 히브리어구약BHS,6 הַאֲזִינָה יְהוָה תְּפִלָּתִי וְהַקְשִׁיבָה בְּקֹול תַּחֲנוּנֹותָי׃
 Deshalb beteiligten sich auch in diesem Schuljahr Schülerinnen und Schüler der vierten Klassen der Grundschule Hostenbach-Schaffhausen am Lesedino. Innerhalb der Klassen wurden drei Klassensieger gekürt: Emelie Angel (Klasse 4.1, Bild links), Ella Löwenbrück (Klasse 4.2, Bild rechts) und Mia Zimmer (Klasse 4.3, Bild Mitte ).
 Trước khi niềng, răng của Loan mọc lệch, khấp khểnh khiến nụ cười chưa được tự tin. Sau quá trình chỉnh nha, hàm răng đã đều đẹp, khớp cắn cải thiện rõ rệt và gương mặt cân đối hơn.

==

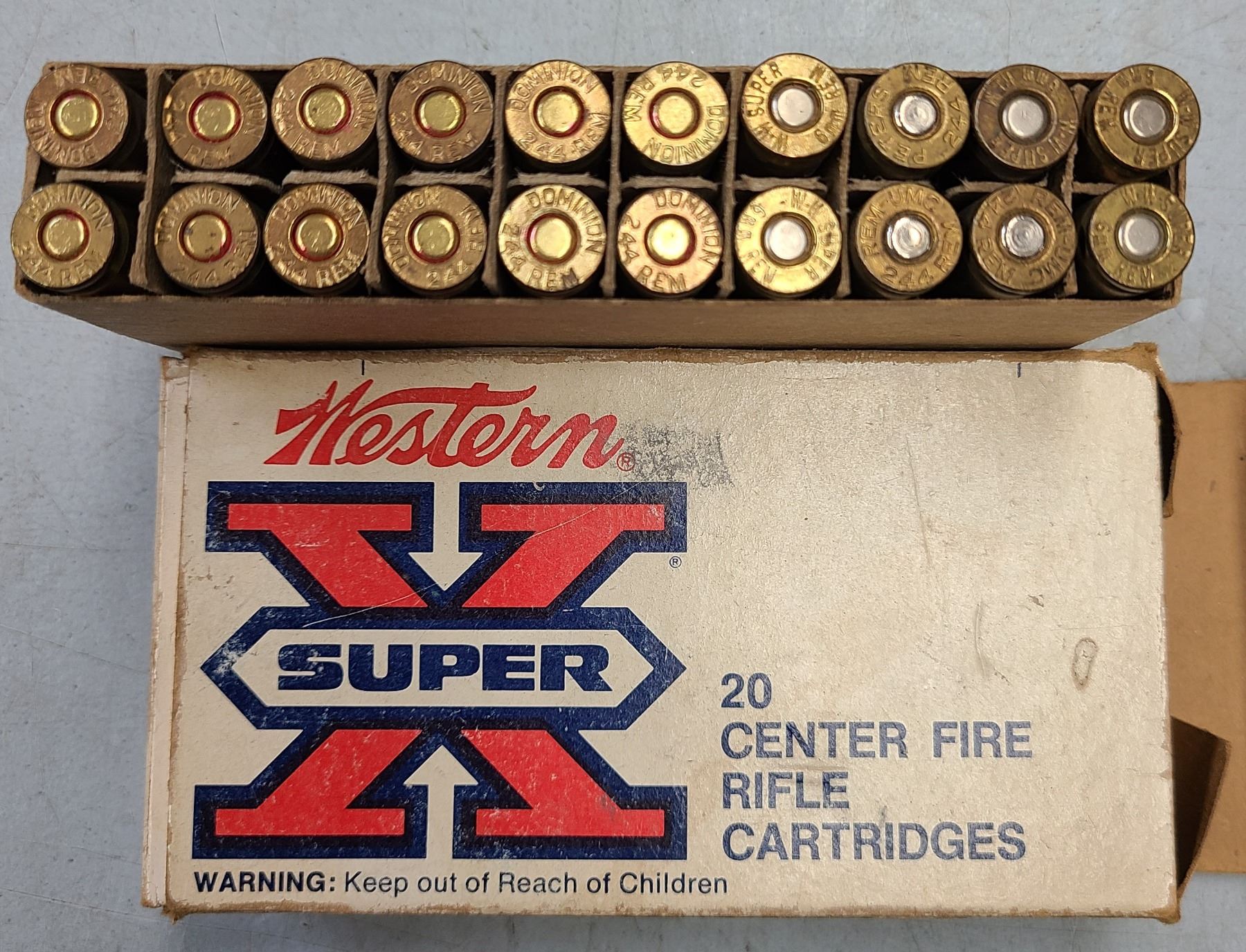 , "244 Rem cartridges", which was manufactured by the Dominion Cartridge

---

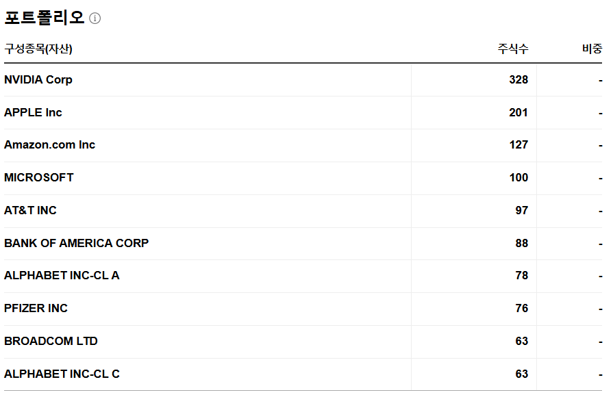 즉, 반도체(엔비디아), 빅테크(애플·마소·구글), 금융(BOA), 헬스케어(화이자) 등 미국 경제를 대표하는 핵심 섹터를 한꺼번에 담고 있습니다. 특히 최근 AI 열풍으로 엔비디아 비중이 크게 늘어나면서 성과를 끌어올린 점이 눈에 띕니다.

Task to carry out
Precisely the lines between those holding "히브리어구약BHS,6 הַאֲזִינָה יְהוָה" and "Trước khi niềng, răng", inclusive, are to be reproduced from the listing above, with nothing added.

Answer space
 히브리어구약BHS,6 הַאֲזִינָה יְהוָה תְּפִלָּתִי וְהַקְשִׁיבָה בְּקֹול תַּחֲנוּנֹותָי׃
 Deshalb beteiligten sich auch in diesem Schuljahr Schülerinnen und Schüler der vierten Klassen der Grundschule Hostenbach-Schaffhausen am Lesedino. Innerhalb der Klassen wurden drei Klassensieger gekürt: Emelie Angel (Klasse 4.1, Bild links), Ella Löwenbrück (Klasse 4.2, Bild rechts) und Mia Zimmer (Klasse 4.3, Bild Mitte ).
 Trước khi niềng, răng của Loan mọc lệch, khấp khểnh khiến nụ cười chưa được tự tin. Sau quá trình chỉnh nha, hàm răng đã đều đẹp, khớp cắn cải thiện rõ rệt và gương mặt cân đối hơn.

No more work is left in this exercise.